You could look at features of the land as causes of settlement patterns – rivers for example. London’s three early cities were all by the river, but all with different personalities. You could look at man-made structures as causes of subsequent human action, slowly solidified into urban form – the Regent’s Canal for instance. A navigation channel for trade, which led to a second waterfront in London, different from the father Thames experience. The Regent’s Canal spatial story is one of soft whispers and wind in the hushed trees above the quiet waters, bobbing in and out of brick and stone tunnels. Warehouses, most logically, were the dominant land use near it to start with. Once rail took over the trades, dereliction and despair threatened the waterway, but early gentrification saved the day. Someone decided they’d like to live in a tall attic with visible beams and rafters, with great views on to the Canal. Boom – ground rents exploded. But I digress. Now, neighbourhoods bordering the canal are spatially as various as imaginable, from the western stretch to Limehouse Basin in the east. A walk along the canal is like watching a film about the city.

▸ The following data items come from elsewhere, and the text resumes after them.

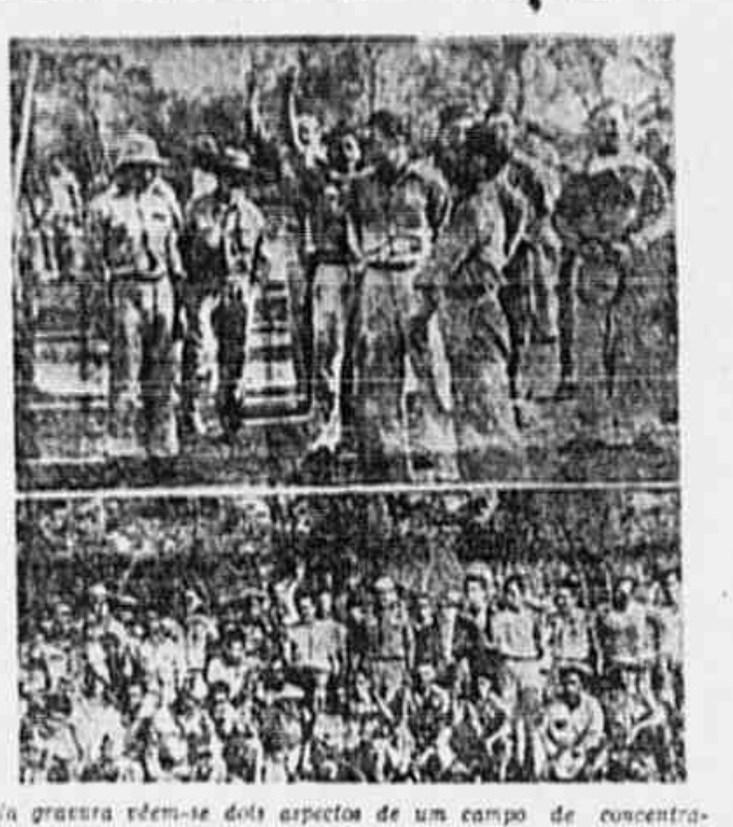
Na praça vêem-se dois aspectos de um campo de concentração do Paraguai, onde o impenitente ditador Morinigo encerra os melhores filhos do povo guaraní.

O golpe de Morinigo foi contra a democracia e o progresso do Paraguai — O ditador, que não conta com o apoio do Exército, recorre aos "slogans" anti-comunistas para justificar abusos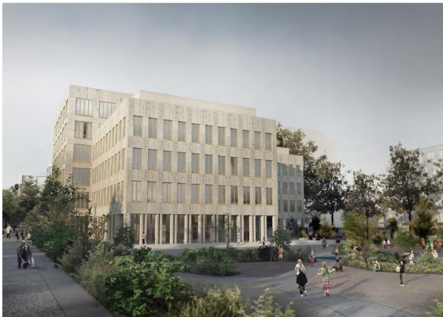
Illustration av skolan sett från söder med skolgården framför. Bildkälla: Max Arkitekter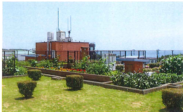
花壇や菜園をしつらえた屋上は、海も山も見渡せる最高の眺め。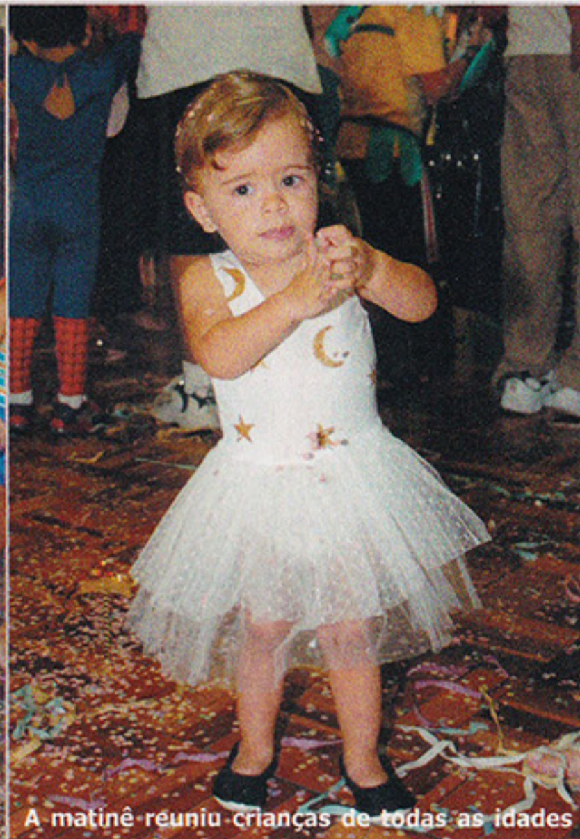
A matinê reuniu crianças de todas as idades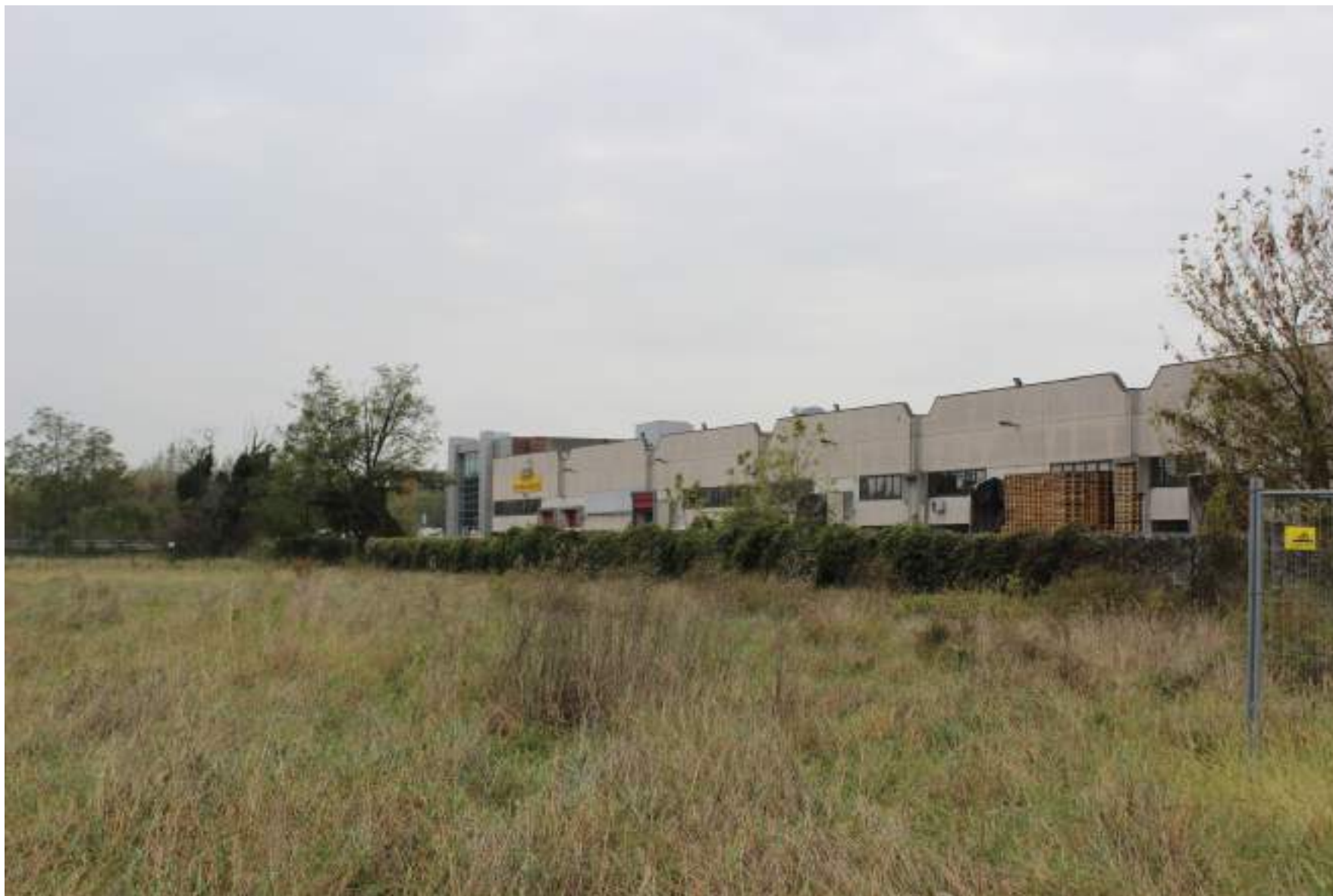
FOTO 43 - VISTA DALLA RIVA DEL BACINO D'ACQUA DELLA CAVA VERSO IL COMPLESSO INDUSTRIALE IN VIA VENEZIA GIULIA A SUD OVEST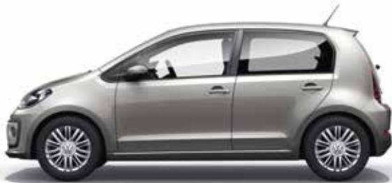
Dark Silver Metallic-Lackierung K5 SO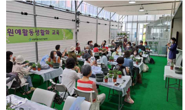
[원예활동 생활화 교육]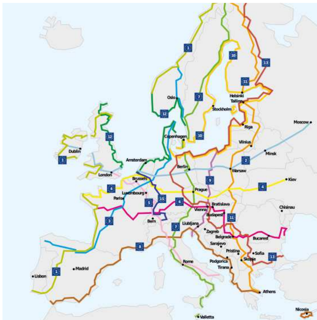
Carte des itinéraires EuroVelo jusqu'en 2016. Eurovelo.org.

A ce réseau, s'ajoutent la vélo-route de St Jacques de Compostelle via Chartres et Tours, le projet de vélo-route Cher à vélo - canal du Berry déjà mis en œuvre de l'entrée de la métropole à Saint-Pierre-des-Corps jusqu'à Montrichard dans le Loir-et-Cher, et enfin la proximité avec l'Indre à vélo, jusqu'à Châteauroux.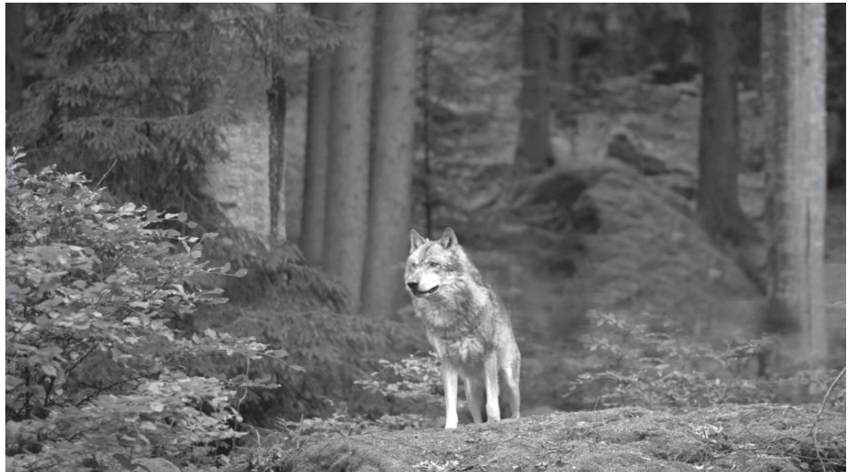
Intelligenter, aber scheuer Jäger: Einzelne Wölfe wurden schon im Landkreis Roth gesichtet. Doch sesshaft wurde der Beutegreifer bislang nicht in unserer Region. Möglicherweise ist die Gegend für ihn zu dicht besiedelt und zu laut.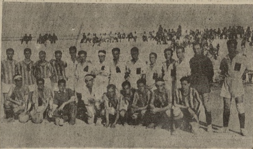
Los equipos Villa Nador de Melilla y Deportivo Ceuti local, cuyo encuentro se verificó el pasado domingo de segunda categoría eliminatoria, para el ascenso a primera.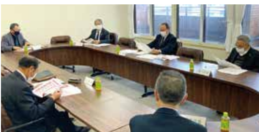
▲議会広報編集委員会(1月26日)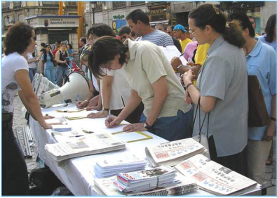
民众踊跃签名支持西班牙法院调查中共犯下的群体灭绝罪。

【明慧网】二零零七年四月十七日，正在出访西班牙的中共政治局常委吴官正被法轮功学员以酷刑折磨和群体灭绝法轮功学员的罪名起诉。自一九九七年起至二零零二年十一月，吴官正任职山东省中共省委书记期间，直接参与并执行了江泽民镇压法轮功学员的指令，在山东省酷刑折磨致死至少上百名法轮功学员。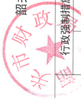
韶关市财政局 2018 年度行政强制实施情况统计表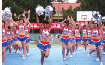
校慶啦啦隊比賽優勝班級表演之一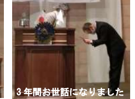
3年間お世話になりました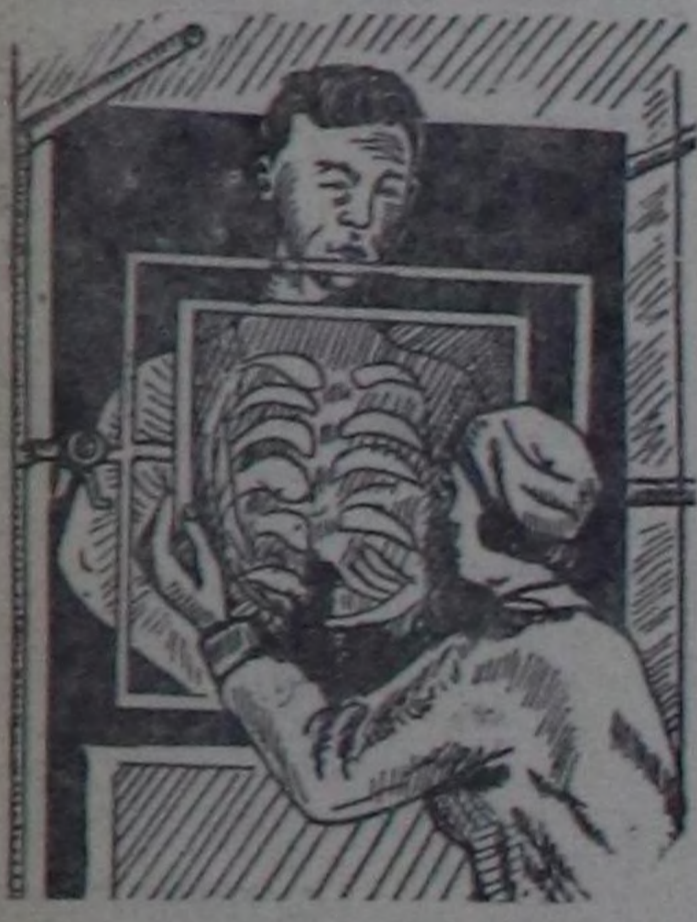
Туберкулёз мырыңай-ла чүзүм-базын оруктарны дамчытып чыпшынып халдаар. Чөдүл ийикле азы.

рышкын үезинде чарааның чаштаанын, туберкулёзтуг аарыг кижиле чугалажышкын үезинде, туберкулёз микробтарлыг тоозуну кирип тынганын, туберкулёз-биле аараан инъектиг сүдүн ишкенин, туберкулёзтуг кижиле дегжип кожаланышканын, ол ышкыш ооң эт-херекселни: иштики-даштыкы хевин, дүмчүк аржылыгын, чоңунар аржымылы, савадан—шопулаан, стаканын (аяан), таван болгаш өскөлери-даа эдилтенинден чыпшынып болур.

This spatial dimension of an essentially social science is really wonderful; a truly sexy form of framing the human subject in her environment. The study has unending depths - What the human then does or what the environment then becomes or what then happens to the human… und so weiter.

On my way in to work

  • I saw crazy guy at Little Ben, near Victoria station. He was shrieking jubilantly at intervals, and doing a sort of jig around a black electric meter box. I wondered if he was doing a theatre exercise, practicing for a play, or something.
  • A busker strumming a guitar near the entrance to Peter Jones offices. He had red watery eyes and sang a laidback sort of song without much hope. He could be a druggie.
  • I saw starbucks looking warm and festive and fought the urge to go in and further propagate the coffee chain culture explosion. Bar-stucks, I anagrammed cleverly, trying to distract myself from the smell of toffee nut latte.
  • I saw how blue the sky looked and broke into a trot, swerving deftly between a couple of toursists and a mum with pushchair approaching from the other direction.
  • I saw the O2 shop and thought ruefully about how crap my phone is, and how helplessly i'm tied into my 18 month contract.
  • The trot somehow made me decide that i would go to the national gallery / portrait gallery tomorrow. Checked the weather forecast quickly on said phone - it's clear and 8 degrees.
I need to be inspired please, London. Looking to the masters of the art movement to start with.